Vatican I infallibly defined that this teaching along with all the Church’s other defined teachings must be understood in the same sense (in eodem sensu) and with the same meaning as the Church has always understood it. Here is a page with a compilation of the Church’s teachings on this matter that can help for those interested to read more on what the Church has always taught on this subject: no-salvation-outside-the-church.blogspot.com/
There was an interesting program tonight on EWTN with Fr. Mitch Pacwa and a Dominican Friar who is the head of the Dominican House of Studies in Washington, DC. I can’t recall his name. He was asked a question about Protestant martyrs. His answer was very simple and clear. I think it applies to the Jewish martyrs as well. He said that anyone who dies for his faith in God is a martyr and is in heaven.
Perhaps he should read the above infallible teaching that even if they shed their blood in the name of Christ that it will profit them nothing if they are outside the Church.
We don’t have to panic over the souls of Jews being lost, if they are truly living their faith. God will find a way to save them.
Christ taught that there are only “few” who are saved. He said that “many are called” but only “few are chosen.” We know definitively and from the definition of the word itself that “few” means the minority. That blog I posted earlier also has a compilation of the Church’s teachings on few saved as well as the constant understanding of theologians and the doctors of the Church throughout the centuries. If only few are saved, as Christ clearly taught, then we must be concerned not only with the Jews but with everyone. And nowhere in the history of the teachings of the Catholic Church will you find them saying that Jews will be saved in their false faith that denies Christ as long as morality is maintained. At some point, they would have been guilty of a grave sin in their souls and would be lost because they do not have a way to obtain forgiveness for these sins, and we have no revelation that says they can.

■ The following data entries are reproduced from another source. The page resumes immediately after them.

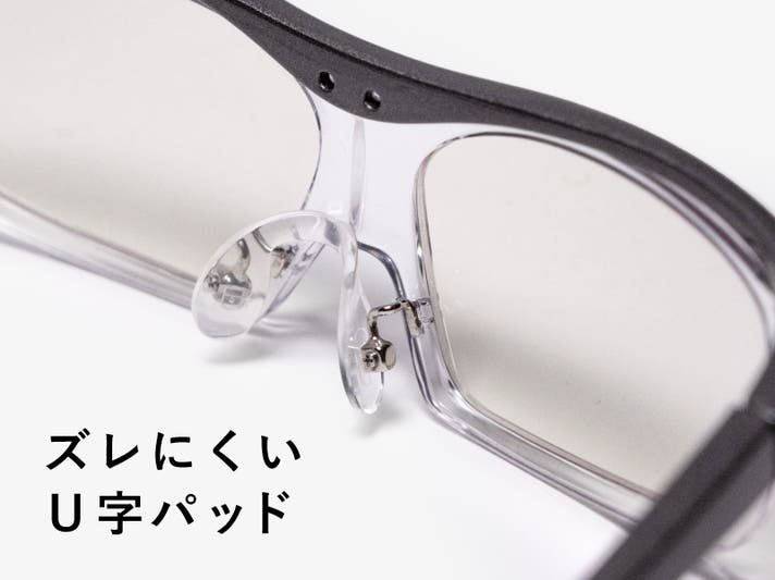 U字型のパッド(鼻当て)を採用し、鼻の先に当ててもずり落ちにくく、しっかり固定される設計です。
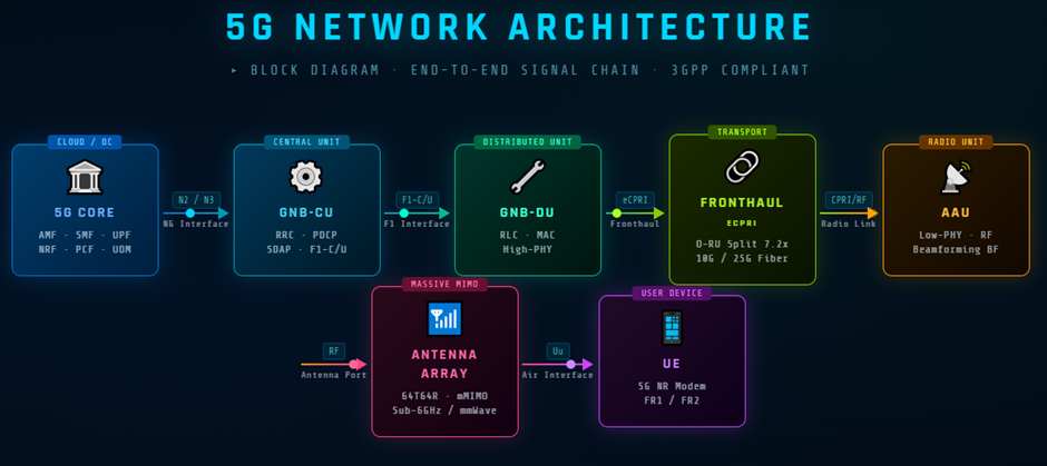 Massive MIMO architecture in 5G is not just “many antennas.” It is a distributed signal processing system that spans baseband, fronthaul, RF chains, and antenna arrays, all tightly synchronized.
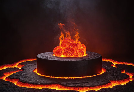 Burning lava on a black podium with smoke on a dark background
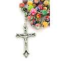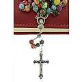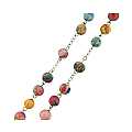 La particolarità di questo rosario è rappresentata dai grani tondi,di mm 8, in vetro satinato ognuno con colori e fantasie diverse.Il rosario,rilegato in metallo argentato,risulta essere molto originale e piacevole.La crocera rappresenta la Vergine Maria e la croce misura cm 4,5.La lunghezza del rosario è di cm.53Il peso del rosario è di gr.34
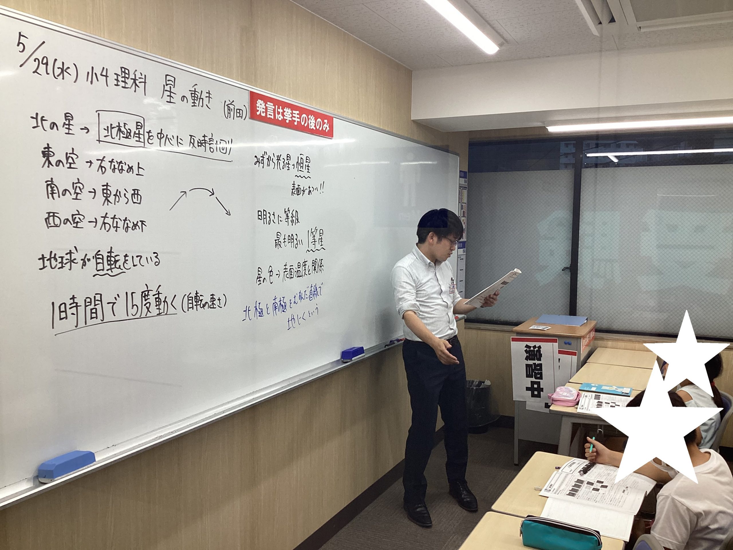 星の動き」の授業のようです。

Pope Gregory XVI, Mirari Vos, 15 August 1832:
“Now We consider another abundant source of the evils with which the Church is afflicted at present: indifferentism. This perverse opinion is spread on all sides by the fraud of the wicked who claim that it is possible to obtain the eternal salvation of the soul by the profession of any kind of religion, as long as morality is maintained. Surely, in so clear a matter, you will drive this deadly error far from the people committed to your care. With the admonition of the apostle that “there is one God, one faith, one baptism”(Ephesians 4,5) may those fear who contrive the notion that the safe harbor of salvation is open to persons of any religion whatever. They should consider the testimony of Christ Himself that “those who are not with Christ are against Him,” (Luke 11,23) and that they disperse unhappily who do not gather with Him. Therefore “without a doubt, they will perish forever, unless they hold the Catholic faith whole and inviolate.” (Symbol of Saint Athanasius) (…) This shameful font of indifferentism gives rise to that absurd and erroneous proposition which claims that liberty of conscience must be maintained for everyone. It spreads ruin in sacred and civil affairs, though some repeat over and over again with the greatest impudence that some advantage accrues to religion from it. “But the death of the soul is worse than freedom of error,” as Augustine was wont to say (Epistle 166)”
ewtn.com/library/encyc/g16mirar.htm

I can see our conversation now getting off the topic of the Jews and this prayer. Perhaps we can save the rest of our dialogue on this issue of No Salvation Outside the Church for another thread on this specific topic.
 
For what reason would the Church have to be ambiguous about a teaching that has already been settled? The new version of the Good Friday prayer for the Traditional Mass liturgy clearly explains that they are praying that the Jews embrace Jesus as the Messiah. As a result, the Jews explained their shock and horror that the Church would actually pray for this to occur. They sincerely believed that the prayer in the Novus Ordo liturgy was basically saying they were okay where they were and did not need Christ. If people are walking away with that understanding, you cannot deny that there is a serious problem.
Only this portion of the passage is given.